Inner Worlds, Outer Actions

At the sec­ond con­ver­sa­tion with a new client, she said to me, “I real­ly got the point of what you said in our first ses­sion. It was kind of, ‘Stop whin­ing and get back to work.’ ”

This was way off. I’d said no such thing. This was clear­ly the inner world of the client act­ing out pre­con­ceived notions — her men­tal mod­el and belief sys­tem pro­ject­ing some­thing onto me. 

I wait­ed in the con­ver­sa­tion to tell her that. We explored oth­er things and then even­tu­al­ly we got back there. In the end, we dis­cussed a pat­tern of imag­in­ing every­thing was on her shoul­ders and some­how ask­ing for help and accept­ing it was show­ing inad­e­qua­cy and, there­fore, a kind of weakness.


Imag­in­ing. That’s the key word. Our imag­i­na­tions are dri­ven by our con­di­tion­ing. We can’t see anoth­er’s imag­i­na­tion, but often we can cer­tain­ly feel it. 

I once gave a pre­sen­ta­tion at a com­mu­ni­ty col­lege and asked par­tic­i­pants to do some work iden­ti­fy­ing sen­si­tive top­ics that need­ed atten­tion at the col­lege. One of the table groups had formed a list that began with the words: “Inept top man­age­ment.” The Pres­i­dent of the col­lege was in the room. She became so desta­bi­lized emo­tion­al­ly she could­n’t speak to close the event and peo­ple won­dered what was going on. Her inner world had gone a lit­tle crazy — she was so sure this inept man­age­ment thing was about her, even though the event had begun with the audi­ence of man­agers award­ing her a plaque for her excep­tion­al lead­er­ship. It turned out those crit­i­cal words referred to a time before her arrival at the col­lege, but in the moment her imag­i­na­tion had been deeply triggered.

A tech­ni­cal man­ag­er lead­ing a pro­fes­sion­al team became huge­ly upset when some of the mem­bers com­plained to HR about favoritism in the unit. In his inner world he had been betrayed in such an egre­gious way they all need­ed to be pun­ished. Betrayed! Betrayed! One by one he pushed them out of the orga­ni­za­tion, attempt­ing to humil­i­ate them.

We see it in oth­ers but less in our­selves. I don’t get an email back from some­body impor­tant to me. In my inner world I think I’ve been reject­ed. Then it moves to “I deserve to be reject­ed.” Then I’m angry. I’m hurt. Then, final­ly, I get an email: “I’m sor­ry for not get­ting back to you. I’ve been help­ing my son through divorce.” 

The inner world. They say that’s where the gold is. But there’s a lot of shit there, too. There are a lot of trig­gers there, trig­gers some­times we don’t even know we have — until we are trig­gered in some mys­te­ri­ous way and have to deal with the mystery. 

This is not to say none of our reac­tions have valid­i­ty or truth in them. They most­ly do, but not always, not infal­li­bly. So we need the “observ­er self” who can take a step back and ques­tion who­ev­er it is in our inte­ri­or world that’s step­ping for­ward with some pro­grammed emo­tion. Maybe it’s that pitiable prince fig­ure again, the one who was reject­ed by his father, the King, in that same old fairy tale assem­bled as a small child to explain why the boy felt alone. See­ing that I can reclaim the boy’s sen­si­tiv­i­ty, under­stand and melt some of the pain.
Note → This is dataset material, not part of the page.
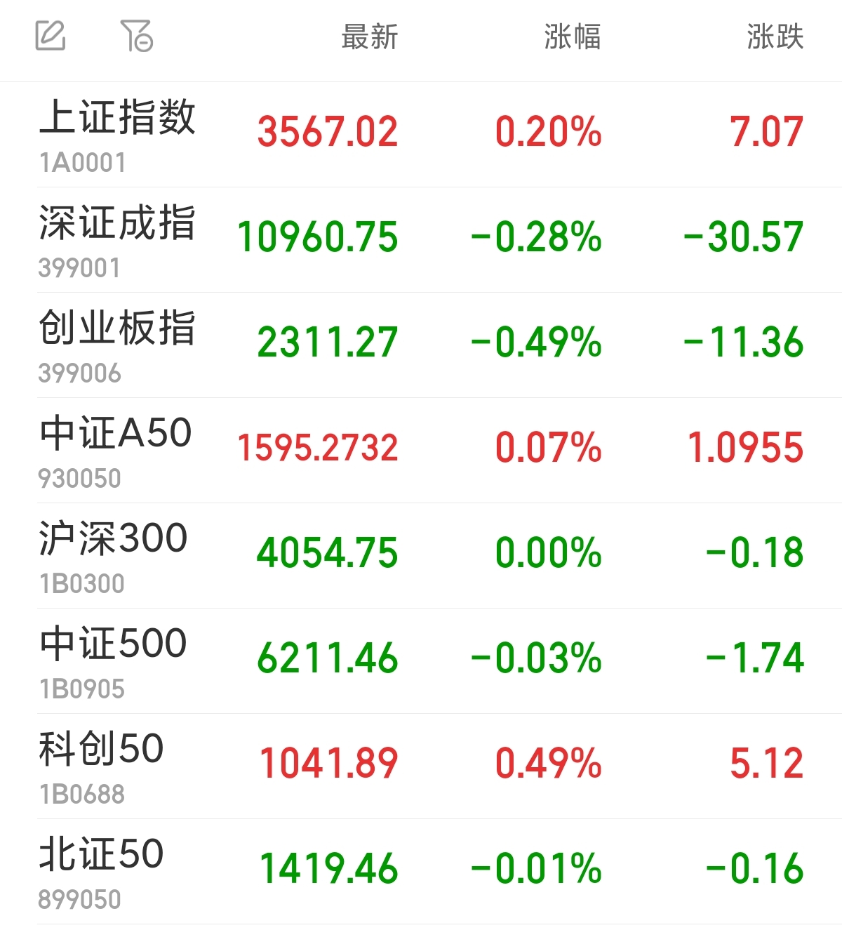 中新经纬8月4日电 周一早盘,A股三大指数低开后走势分化。截至午间收盘,上证指数涨0.20%,报3567.02点;深证成指跌0.28%,报10960.75点;创业板指跌0.49%,报2311.27点。

Unfor­tu­nate­ly, all too often the inner world of a leader becomes the cul­ture of an orga­ni­za­tion. Because lead­ers induce and repli­cate their own sto­ries in the world around them, the world they have some con­trol over, that sto­ry begins to be the orga­ni­za­tion, too.
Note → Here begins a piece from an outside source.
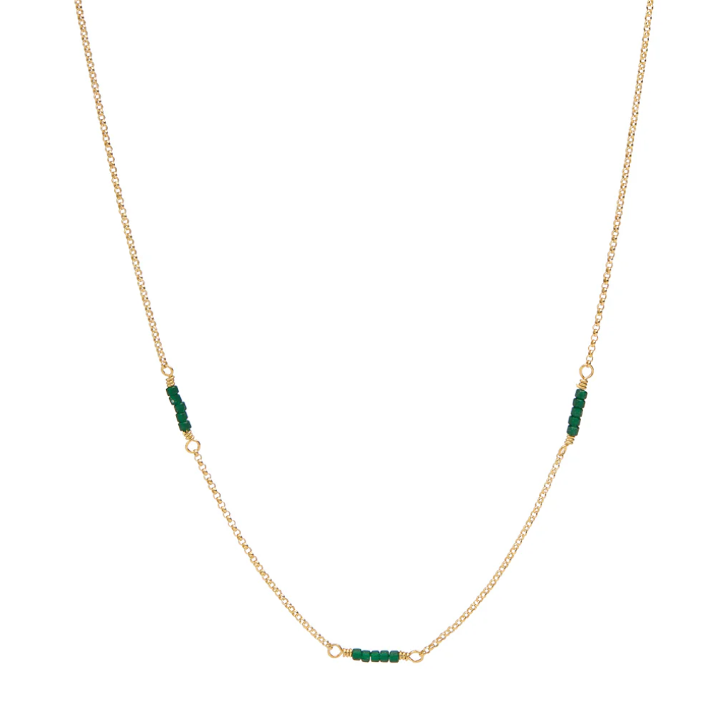 halsketting - fine green gem - verguld

It isn’t hard to imag­ine the inner world of a leader who’s gone para­noid, who responds to staff mis­takes with bul­ly­ing and crit­i­cism, who’s become so self-ref­er­en­tial that any mis­take is felt as a per­son­al attack. And imag­ine the cul­ture that cre­ates, that sense of oppression. 

It’s not hard to imag­ine the inner world of some­one who is always try­ing to please, whose inner world is made up of one ruth­less, guilt-induc­ing demand after anoth­er. And imag­ine that cul­ture of mar­tyr­dom, too.

As lead­ers, we live out our inner dra­mas and are jarred once in awhile when our esti­ma­tion of real­i­ty isn’t con­sis­tent with a plot we thought was unfold­ing. We aren’t nec­es­sar­i­ly com­pas­sion­ate with our­selves, about that. This keeps our delu­sions in place.

Life is such that if we start lis­ten­ing more deeply, we may come face to face with these strange scripts we’ve writ­ten for our­selves. Once we see them for what they are, I sus­pect, the gold is not far off.